Also, would be nice to be able to go from the mid-South West to FL without having to cross cross the country to Chicago and Washington.....our trip to Miami would take 23 hours to drive. Takes 4 days 3 nights by train. I guess you could say we're going for the experience, rather than convenience!


----------



## NY Penn (Aug 28, 2012)

Here's something that's actually practical: the _Crescent Star_ (NYP-Meridian-Dallas), split from Crescent at Meridian.

That would be the Chicago bypass and also give new life to an underused part of the route.

That should be a PRIIA study.


----------



## BNSFboy (Aug 29, 2012)

A Dallas to Denver connecting route via Amarillo, La Junta on to Denver. The route was considered but never operated but was dubbed the Caprock Express.


----------



## Anderson (Aug 29, 2012)

Ziv said:


> I think that the _Pioneer_: Seattle - Portland - Boise - Ogden - Cheyenne - Denver plus going through to Houston via Colorado Springs, Amarillo, Lubbock, Killeen and College Station would cover the most territory, and would bring in cities (that either had never had Amtrak service or lost that service) with a total population of more than 2,000,000, plus all the surrounding countryside. I am not sure that the tracks are in place to add College Station, but a Pioneer that covered nearly 2500 miles in two days covering the US in SE/NW direction that is so lacking... Well it would be a world class train for scenery! A good mix of mountains, desert, plains and everything in between.
> 
> Having a re-furbed Budd Car to connect Ogden to Salt Lake City would be like getting biscuits with your beer! I imagine Amtrak would use buses since they may be cheaper in the short term, though. Or is there commuter rail already on that stretch?

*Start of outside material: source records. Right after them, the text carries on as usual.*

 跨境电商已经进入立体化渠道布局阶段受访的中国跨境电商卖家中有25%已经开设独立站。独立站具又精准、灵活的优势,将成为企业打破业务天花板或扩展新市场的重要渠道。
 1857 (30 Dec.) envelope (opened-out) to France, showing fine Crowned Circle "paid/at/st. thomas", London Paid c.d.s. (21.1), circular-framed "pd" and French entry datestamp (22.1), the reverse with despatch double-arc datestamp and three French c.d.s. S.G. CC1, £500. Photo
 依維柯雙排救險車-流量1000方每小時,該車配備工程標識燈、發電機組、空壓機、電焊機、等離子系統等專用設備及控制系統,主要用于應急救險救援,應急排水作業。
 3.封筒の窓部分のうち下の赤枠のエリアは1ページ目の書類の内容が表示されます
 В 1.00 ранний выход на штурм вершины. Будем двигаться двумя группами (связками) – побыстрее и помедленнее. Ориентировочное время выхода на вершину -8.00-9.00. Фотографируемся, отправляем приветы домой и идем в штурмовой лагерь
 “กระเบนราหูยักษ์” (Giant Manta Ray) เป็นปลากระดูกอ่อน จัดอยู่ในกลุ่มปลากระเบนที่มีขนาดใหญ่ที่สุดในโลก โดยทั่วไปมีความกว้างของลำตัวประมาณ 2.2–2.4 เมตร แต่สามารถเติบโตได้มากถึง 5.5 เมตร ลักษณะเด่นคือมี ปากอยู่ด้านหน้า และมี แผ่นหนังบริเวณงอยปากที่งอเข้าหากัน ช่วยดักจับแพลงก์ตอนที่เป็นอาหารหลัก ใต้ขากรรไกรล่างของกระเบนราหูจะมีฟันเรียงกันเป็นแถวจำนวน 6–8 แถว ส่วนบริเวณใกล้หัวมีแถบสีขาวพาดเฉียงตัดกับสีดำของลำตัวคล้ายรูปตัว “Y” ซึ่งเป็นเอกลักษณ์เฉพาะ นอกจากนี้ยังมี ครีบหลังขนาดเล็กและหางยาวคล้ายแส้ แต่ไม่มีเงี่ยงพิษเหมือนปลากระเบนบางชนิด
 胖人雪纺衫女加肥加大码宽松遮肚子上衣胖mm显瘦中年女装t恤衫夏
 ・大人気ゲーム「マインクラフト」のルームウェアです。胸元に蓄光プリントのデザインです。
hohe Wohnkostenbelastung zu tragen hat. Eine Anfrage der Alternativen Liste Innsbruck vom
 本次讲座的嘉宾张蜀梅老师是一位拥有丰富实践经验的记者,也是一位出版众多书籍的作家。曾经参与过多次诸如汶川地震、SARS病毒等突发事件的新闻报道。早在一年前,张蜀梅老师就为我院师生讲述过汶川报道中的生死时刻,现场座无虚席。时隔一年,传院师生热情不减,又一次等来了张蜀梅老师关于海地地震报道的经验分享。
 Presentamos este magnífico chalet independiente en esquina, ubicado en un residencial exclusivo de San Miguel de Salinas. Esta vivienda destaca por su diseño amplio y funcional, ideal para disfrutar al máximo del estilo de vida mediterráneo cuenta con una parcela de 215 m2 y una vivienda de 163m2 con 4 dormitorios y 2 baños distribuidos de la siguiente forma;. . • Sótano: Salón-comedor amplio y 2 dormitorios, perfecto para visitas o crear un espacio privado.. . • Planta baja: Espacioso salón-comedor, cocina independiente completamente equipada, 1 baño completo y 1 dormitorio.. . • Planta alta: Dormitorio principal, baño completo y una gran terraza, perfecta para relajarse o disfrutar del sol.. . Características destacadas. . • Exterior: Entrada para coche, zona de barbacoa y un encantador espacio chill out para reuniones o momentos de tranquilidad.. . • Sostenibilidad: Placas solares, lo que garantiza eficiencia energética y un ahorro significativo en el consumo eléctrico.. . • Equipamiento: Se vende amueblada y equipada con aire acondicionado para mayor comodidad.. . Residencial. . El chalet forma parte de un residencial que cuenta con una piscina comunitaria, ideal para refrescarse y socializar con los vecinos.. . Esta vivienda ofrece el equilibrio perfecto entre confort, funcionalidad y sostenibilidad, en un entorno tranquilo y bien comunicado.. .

FrontRunner is supposed to cover that stretch at some point, though I can't recall the timeframe on that.

For me, the question is a bit more complex as it comes down to a question of whether I more or less have to "make do" with existing track conditions (notwithstanding limited upgrades to allow passenger train use) or whether substantial upgrades are possible as part of a "package deal". Likewise, I'm excluding added frequencies on existing routes from my list for the most part; do note that I consider a sleeper train of some sort to be materially different from a daytime corridor train.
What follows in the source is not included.